I doubt the tech and costs for the tech will improve fast enough to stop the flood of money going out, and I doubt people are going to want to pay what it really costs. That $200/month plan might not look so good when it's $2000/month, or more.

Why not try it yourself? Inference providers like BaseTen and AWS Bedrock have perfectly capable open source models as well as some licensed closed source models they host.

You can use "API-style" pricing on these providers which is more transparent to costs. It's very likely to end up more than 200 a month, but the question is, are you going to see more than that in value?

For me, the answer is yes.

What makes you think I haven't tried it myself?

The "costs" are subsidized, it's a loss-leader.
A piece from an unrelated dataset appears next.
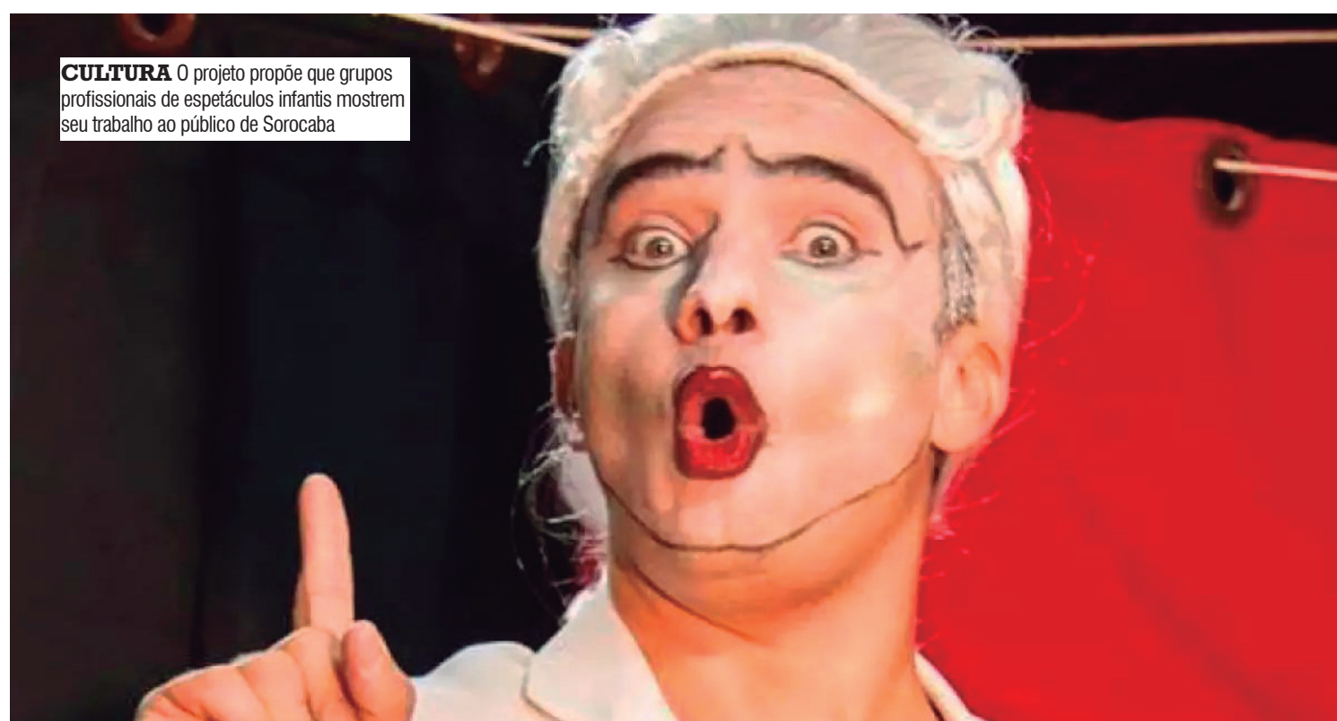
CULTURA O projeto propõe que grupos profissionais de espetáculos infantis mostrem seu trabalho ao público de Sorocaba

A realização do festival é da Pri Produção Artística que foi contemplada com recursos da LINC 2023, da Secretaria de Cultura de Sorocaba.

It's an important concern for those footing the bill, but I expect companies really in the face of being impacted by it to be able to do a cost-benefit calculation and use a mix of models. For the sorts of things GP described (iptables whatever, recalling how to scan open ports on the network, the sorts of things you usually could answer for yourself with 10-600 seconds in a manpage / help text / google search / stack overflow thread), local/open-weight models are already good enough and fast enough on a lot of commodity hardware to suffice. Whereas now companies might say just offload such queries to the frontier $200/mo plan because why not, tokens are plentiful and it's already being paid for, if in the future it goes to $2000/mo with more limited tokens, you might save them for the actual important or latency-sensitive work and use lower-cost local models for simpler stuff. That lower-cost might involve a $2000 GPU to be really usable, but it pays for itself shortly by comparison. To use your Uber analogy, people might have used it to get to downtown and the airport, but now it's way more expensive, so they'll take a bus or walk or drive downtown instead -- but the airport trip, even though it's more expensive than it used to be, is still attractive in the face of competing alternatives like taxis/long term parking.

None of that is concrete though; it's all alleged speed-ups with no discernable (though a lot of claimed) impact.

> This whole "Yeah, well let me see the proof!" ostrich-head-in-the-sand thing works about as long as it takes for everyone to make you eat their dust.

People will stop asking for the proof when the dust-eating commences.